Boray Acar
Öcalan’ın Mesajları ve Yeni Dönem...
DEM adına Sırrı Süreyya Önder ve Pervin Buldan’ın, Abdullah Öcalan ile görüşmesi Devlet Bahçeli’nin başlattığı sürece yeni bir boyut kazandırdı. Öcalan’ın mesajlarından anlam çıkarmaya çalışan oldukça kalabalık bir zevat var. Görüşmenin içeriği tam manasıyla bilinemiyor. Herkes kendi bakış açısı ve birikimi doğrultusunda, kısa açıklamayı yorumlamaya çalışıyor. Belki bölgedeki karmaşa ve ortamın dağınıklığı böyle bir belirsizliği gerektiriyor. Taraflar arasındaki güven eksikliği de söyleneceklerden imtina etme, daha temkinli adım atma sonucunu doğuruyor.
Devlet adına konuşanlar açısından bakıldığında yeni bir açılım süreci olmayacak. Velhasıl bir süreç olması istenmiyor. Müzakerenin olmadığı veya o faslın hızlı geçildiği bir model arzulanıyor. Bu yaklaşımda, senelerdir sorunun varlığını kabul etmeyenlerin ön planda olmasının etkisi olabilir. Siyasi, kültürel, sosyal boyutları ile ele alınmadan sürecin sonuçlanması isteniyor. Kürtler açısından bakıldığında ise -arka planda bilmediğimiz pazarlıklar dönmüyorsa– meşru hakları olarak gördükleri meseleleri masaya yatırmadan böyle bir uzlaşıya gitmek pek akla yakın görünmüyor.
Selahattin Demirtaş başta olmak üzere cezaevinde olan siyasilerin durumu, kayyım atamaları, gazeteciler üstündeki baskı, Kürtçe etkinliklere gösterilen tahammülsüzlük gibi gerçekler ortada.

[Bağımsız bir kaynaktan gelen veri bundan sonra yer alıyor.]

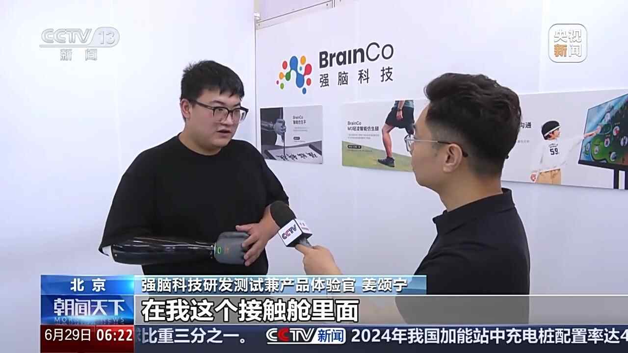 强脑科技研发测试兼产品体验官 姜颂宁:当我们大脑去想某一个动作的时候,它就会产生神经电和肌电信号。在我这个接触舱里面有一圈传感器来采集神经电和肌电信号,再通过AI算法倒推运动意图,来实现智能仿生手的运动。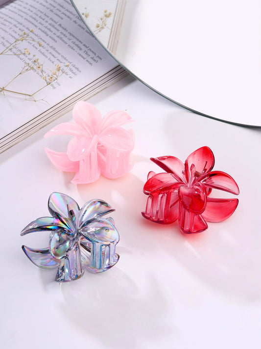 Combo: Set of 3 Floral Claw Clips for Women - Non-Slip, Durable | Multicolor | Korean Style

Tüm bu gerçeklere rağmen birinin, ki o biri Öcalan da olsa, bir çağrıda bulunması ve her şeyin bir anda son bulması beklentisi fazla iyimser duruyor. Kandil’deki savaş baronları da sürecin akim kalması için ellerinden geleni yapacakladır. Tüm bu olumsuzluklara rağmen tarafların önceliği süreci bozacak bir girişimde bulunmamak olacaktır. O nedenle de bazı şeylerin en azından bir süre için yokmuş gibi davranılması da bir adım geriden gelme tutumu da normaldir. Dolayısıyla ifrat ve tefrit arasındaki salıncağın nerede duracağını tarafların yaklaşımları ve zaman gösterecektir.

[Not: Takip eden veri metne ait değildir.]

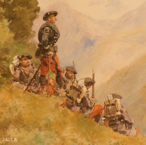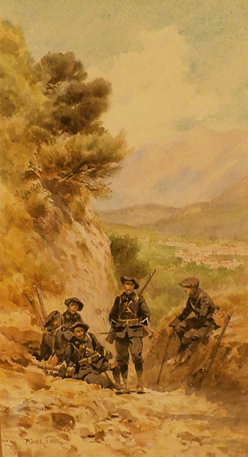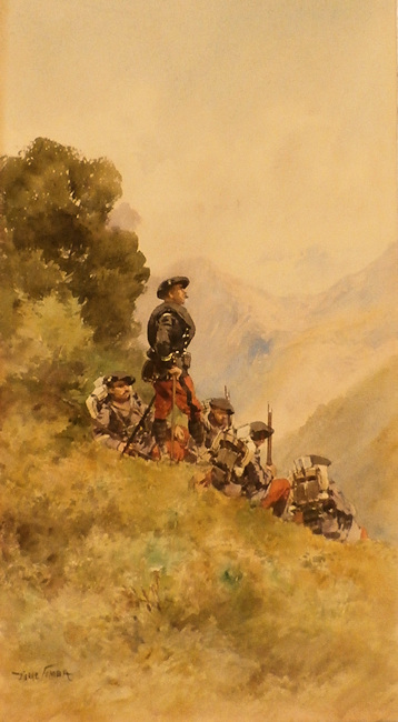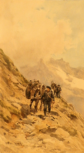 PIERRE PAUL COMBA the Younger.3 watercolor paintings from his time as a military painter of the Alpine Hunter units, from approximately 1888 to 1916.

Öcalan’ın mesajlarına bakacak olursak…
Türk-Kürt kardeşliği vurgusu iyi bir başlık olabilir. Devlet açısından, şu ana kadar olduğu gibi bundan sonra da beka eksenli bir yaklaşım belirleyici olacaktır. Esasen bu yaklaşım Öcalan’ın attığı başlığı da kapsar, elbette istenirse… Sürecin siyasallaşmasının altını çizen TBMM vurgusu çok önemlidir. Sürecin TBMM çatısı altında bir tokalaşma ile başladığı düşünülecek olursa bu konuda kesin mutabakat olduğu açıktır. Cismi şu an için DEMP’de mündemiç olan siyasi hareket kapatılma riski ve güvenlik baskısı olmadan veya “yok edilmesi gereken haşere sürüsü” olarak görülmeden, temsil ettiği kitlenin meşru haklarını savunmaya devam edecek, yaralar kaşınmayacak, herkes acılarını bir daha çıkarmamak üzere sandığa gömecektir.

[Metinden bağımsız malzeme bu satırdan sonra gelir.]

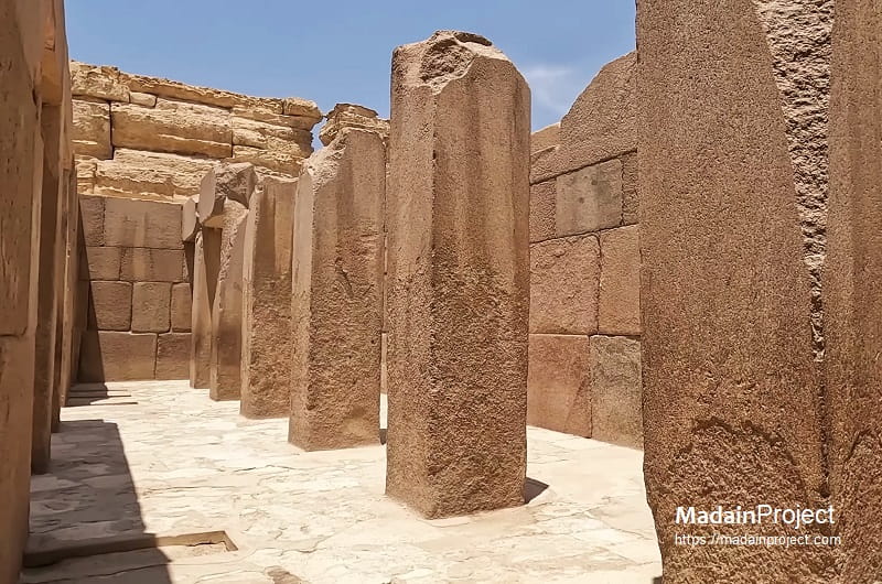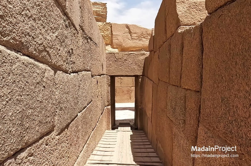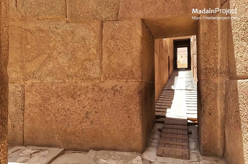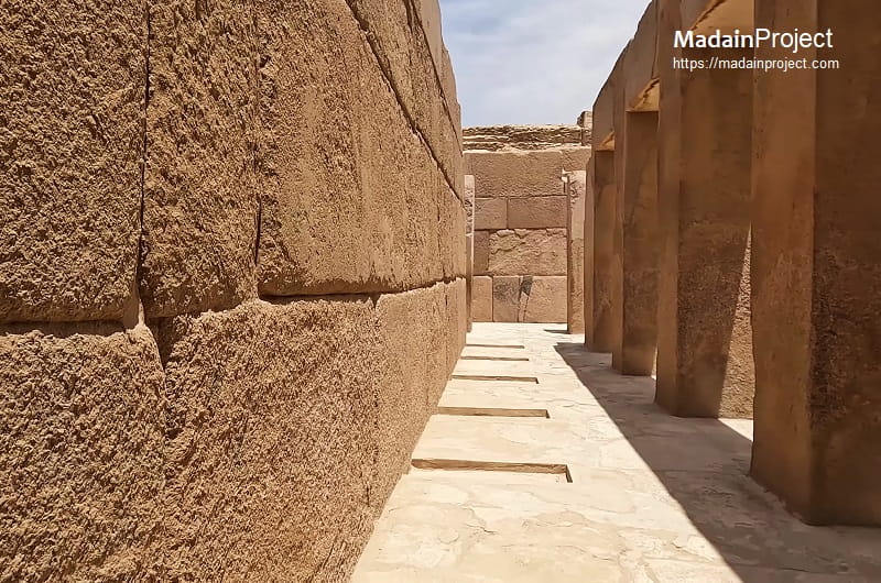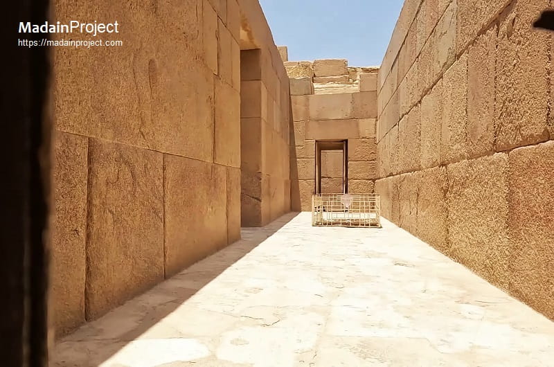 The inclined passage, or the northwest vestibule, situated at the north-western corner of the T-shaped pillared hall of the Valley Temple of Khafre functions as the principal architectural transition between the enclosed ceremonial interior of the temple and the ascending causeway leading toward the pyramid complex on the Giza Plateau. This corridor, which marks the beginning of the approximately 494-metre processional route to the mortuary temple, was carefully engineered to accommodate the gradual elevation change between the low-lying Nile floodplain and the higher desert plateau. Architecturally, the passage measures roughly 2.1 metres in width, creating a deliberately constricted processional space that contrasts with the expansive dimensions of the central hypostyle hall. The walls, constructed from finely fitted blocks of Aswan red granite rising to approximately three metres in height, originally supported a ceiling composed of large stone slabs, thereby producing an interior that was largely dark except for limited illumination provided by narrow light apertures. The floor pavement, executed in white alabaster, maintained the chromatic and material coherence characteristic of the temple’s interior spaces, while an alabaster threshold marked the formal boundary between the hall and the ascending corridor.

Belli bir süredir Türkiye’den örgüte katılım yok denecek kadar az. Bu durum Türkiye Kürtlerinin de silahlı mücadeleyle aralarına mesafe koyduklarını, çözümü orada görmediklerini gösteriyor. Türkler açısından da durum çok farklı değil. Yoğun şehit haberlerinin gündemi kapladığı dönemin geride kalması toplumdaki harareti düşürdü, elli yıllık süreçte birkaç kuşak aramızdan ayrıldı ve geçmişin acıları bir nebze olsun hatıralardan silindi. Sosyal hafızanın zayıflığı ve tarih bilincinin azlığı da hoşgörü ortamı yaratmak isteyenlerin işlerini kolaylaştırıyor.
Tabii silahlı mücadelenin soğusa da bitmediği Suriye bölgesi var. Bu minvalde Öcalan’ın Gazze ve Suriye hakkındaki kısa mesajının metindeki en önemli atıf olduğunu söyleyebiliriz. Savaşın HTŞ lehine sonuçlanmış olması Türkiye’nin elini fazlasıyla güçlendirdi. Bu güç iki yönde kullanılabilir. Ezmeye yönelik bir motivasyona tahvil olabilir veya kapsayıcı bir bölge siyaseti için kullanılabilir. Umarız ki ikincisi olur. Bu noktada Türkiye tek belirleyici değil. Soykırımcı İsrail ve onun hamisi durumunda olan Amerika sahadalar. Kürtler için istismar kapısını sonuna kadar açık tutacaklar ve yeni Suriye yönetiminin istikrar sağlayamaması ve Kürtlerle birlikte bölgedeki tüm unsurların uzlaşacağı bir modelin hayata geçmemesi için de ellerinden geleni yapacaklardır. Öcalan’ın dışarıdan müdahaleler ile sorunun kangrenleştirilmemesi çağrısını bu gerçeklerin ışığı altında okumak gerekir.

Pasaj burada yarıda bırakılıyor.